Don’t shoot the messenger

Don’t shoot the messenger

Newspaper reporters are just doing their job

I know this might sound strange, but last month’s massacre at the Annapolis Capital Gazette newspaper south of the border, where five newspaper staff were murdered by a deranged gunman, didn’t really surprise me. I feel terrible for the victims and their families. It appears the shooter was a nutcase who was convicted in court of criminal harassment of a woman, but was obsessed with the fact negative newspaper coverage made him look like a lunatic.

I have seen tons of that type of attitude over the past 25 years. I recently received a denigrating, profane email from a wacko who was angry at me because The Pipestone Flyer didn’t take his side in a land use dispute.

About 22 years ago I was working in southern Alberta and covered a landfill approval. You want to see angry neighbours? The people who lived next to the piece of land earmarked for the landfill were livid, and they were not thinking rationally. At one of the public hearings I went to, a farmer who lived next to the proposed landfill pretty much said he was going to shoot anyone who showed up to start building the landfill. That fellow’s family also got angry at me because I was trying to tell both sides of the issue in the newspaper; apparently, they thought I should only tell their side.

Fast forward roughly 10 years and I was covering county council at a different newspaper. A landowner came in to file a re-zoning application to build a large residential subdivision on his farmland. This was before the oil patch tanked, and real estate prices in that area were sky high. It was likely simply selling the property could make this landowner a millionaire.

However, the county council involved took their time and analyzed the application. The proposal included hundreds of acres of good, productive farmland and the only real excuse the landowner could make for taking it out of production was “It’s going to make me a millionaire!” The council turned down the application and told the landowner farmland should be protected from development.

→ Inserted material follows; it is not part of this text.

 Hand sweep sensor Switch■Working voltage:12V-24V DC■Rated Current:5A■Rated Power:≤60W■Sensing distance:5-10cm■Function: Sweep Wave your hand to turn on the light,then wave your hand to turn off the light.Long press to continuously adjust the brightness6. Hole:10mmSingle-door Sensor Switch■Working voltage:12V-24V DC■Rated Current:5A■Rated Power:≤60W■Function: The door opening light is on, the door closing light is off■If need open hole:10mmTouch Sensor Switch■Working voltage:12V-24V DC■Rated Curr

A few days later the reeve dropped by my office to tell me he’d heard some rumours that the landowner in question, who happened to own a gun collection and wasn’t the most mentally stable individual, was behaving in such a way that some people were a bit concerned for their safety. The reeve said he thought he should mention it to me because, if some shooting started, the local newspaper editor might be one of the targets.

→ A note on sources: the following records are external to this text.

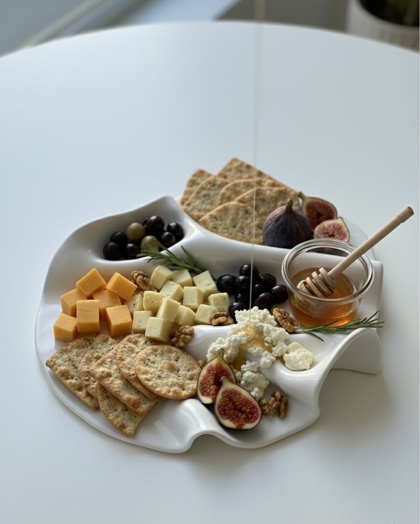 Hand-built in stoneware and finished with a food-safe glaze, Kyma is ideal as a charcuterie board or cheese platter, as well as for serving fruit, sweets, or small bites.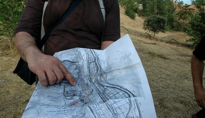 La surrealista expedición se asocia a La Cosa Radiactiva, “un proyecto de investigación sobre radiactividad, arte y electrónica”. Uno de sus fundadores, el ingeniero de telecomunicaciones Sergio Galán, con barba hipster, es uno de los miembros del grupo que camina hacia la Moncloa en busca de radiactividad. Lleva en la mano un contador Geiger fabricado con hardware libre y un tubo ruso.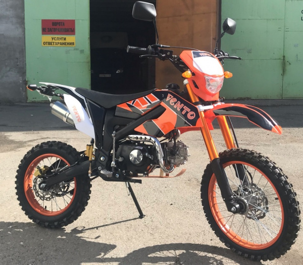 Питбайк Vento 125 — это кроссовый внедорожный мотоцикл, который является спортивным инвентарём. Для управления им не требуется водительское удостоверение и регистрация в ГИБДД.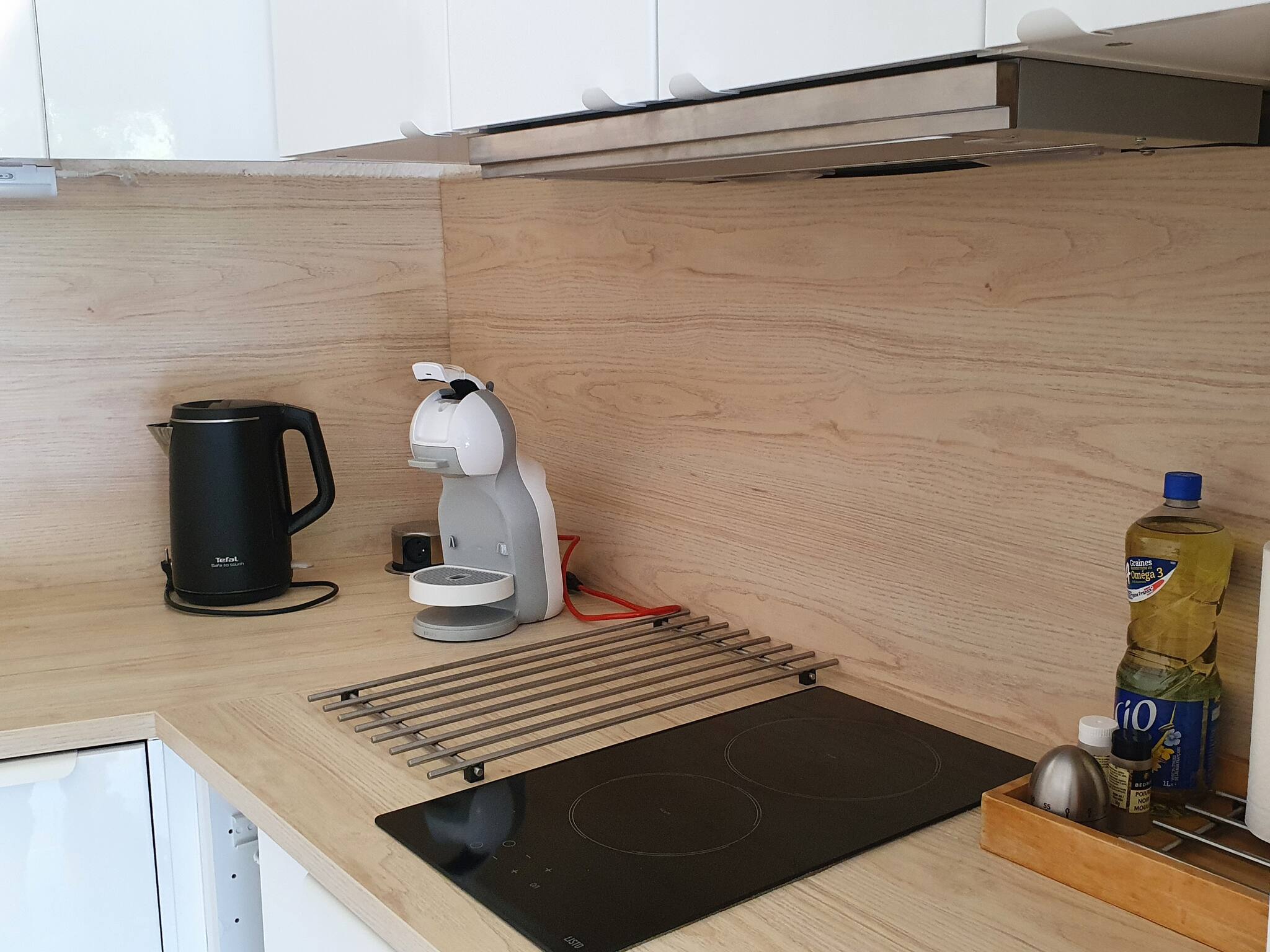 The open kitchen area overlooking the living room is equipped to prepare your meals 🍽️: Nespresso coffee machine, induction hobs, microwave, refrigerator and washing machine. It allows you to stay connected with your loved ones while cooking, and enjoy the shared space.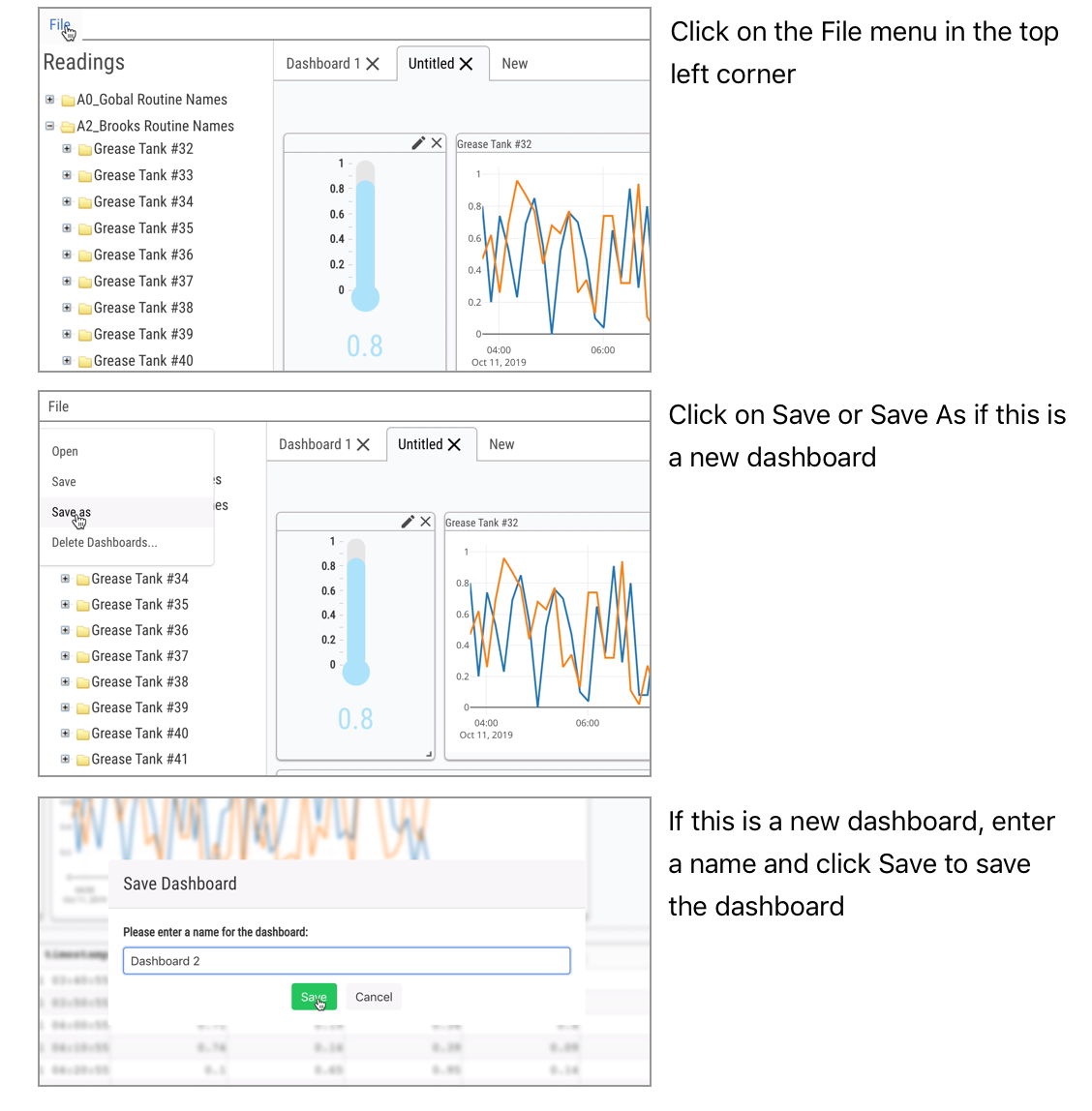 When File is clicked, a menu will open that allows you to open, save, save as (save with a supplied name), and delete Dashboards

But most of the lunacy I’ve been exposed to in my journalism career has come as a result of covering provincial court or Court of Queen’s Bench. I don’t have room on this page for everything I’ve seen and heard, although I’m considering writing a book about it someday. But I will relate an incident that, no matter how many years pass, never seems to fade.

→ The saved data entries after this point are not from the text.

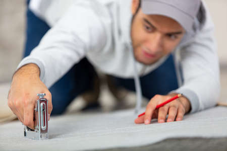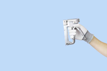 Gloved hands holding stapler construction tools. Work tools on blue background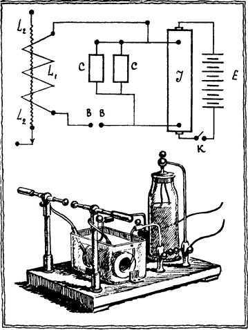 Резонанс-трансформатор Теслы: Е — батарея или другой источник тока. J — индукционная катушка. ВВ — искровой разрядник. СС — батарея лейденских банок. L1 — первичная катушка трансформатора. L2 — вторичная катушка трансформатора. К — механический прерыватель. На нижнем рисунке катушки L1 и L2 погружены в масло.
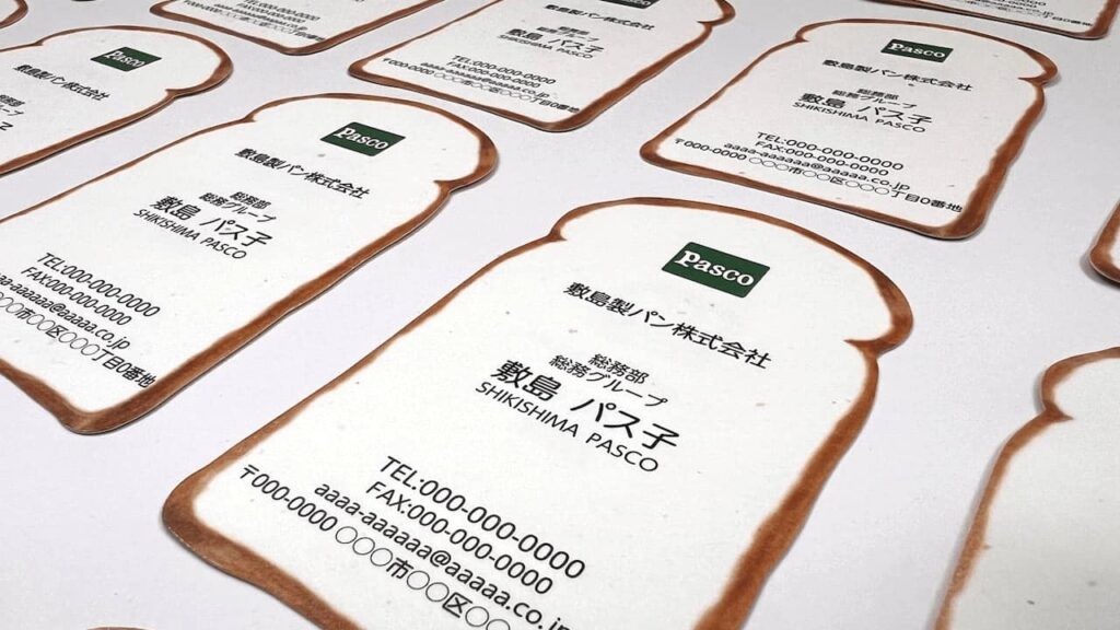 敷島製パン「パンの紙」で「食パン型の名刺」を作成、パンの粉をアップサイクル
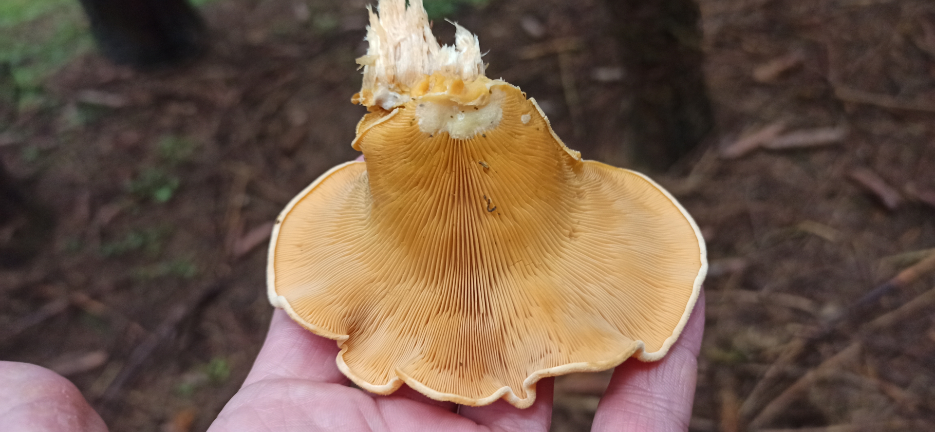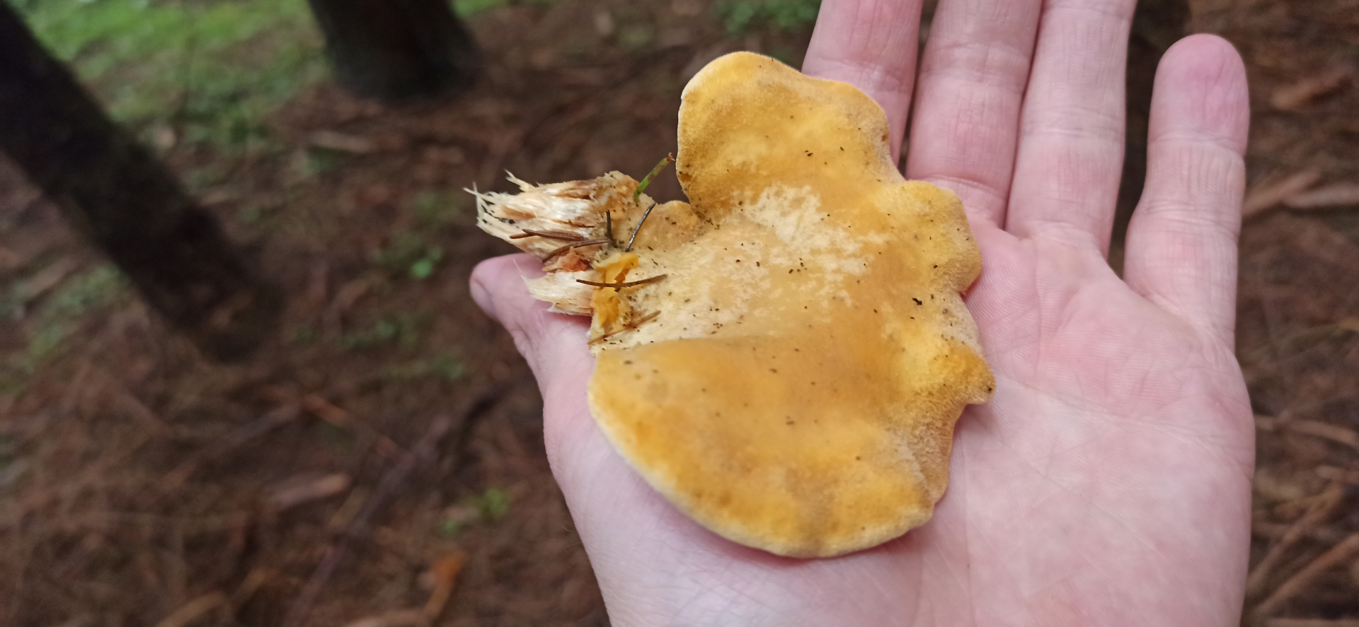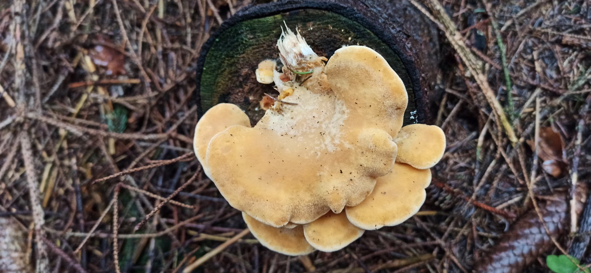 Habe ich heute einen blassen orangenseitling auf Nadelholz gefunden? LG Wastl

My court reporter returned from work one morning and told me about a serious assault that a man had been convicted of. He was a city resident who’d attacked his spouse so badly, she fled the city and was in hiding in our little rural community. He found her and apparently beat her within an inch of her life. He pleaded guilty, as it was obvious there was no way to beat the charge, but someone, somewhere must have said something about court news appearing in the local paper, because the first thing he did was phone me after he left court.

This idiot made it clear that his name was definitely not going to appear in the paper. I assured him that, yeah, his name was definitely going in the paper. He proceeded to yell, scream, insult and threaten me, but it made no difference. Eventually he said,”You’re making me look like a bad guy.”

And then he hung up.

Stu Salkeld is editor of The Wetaskiwin Pipestone Flyer and writes a regular column for the newspaper.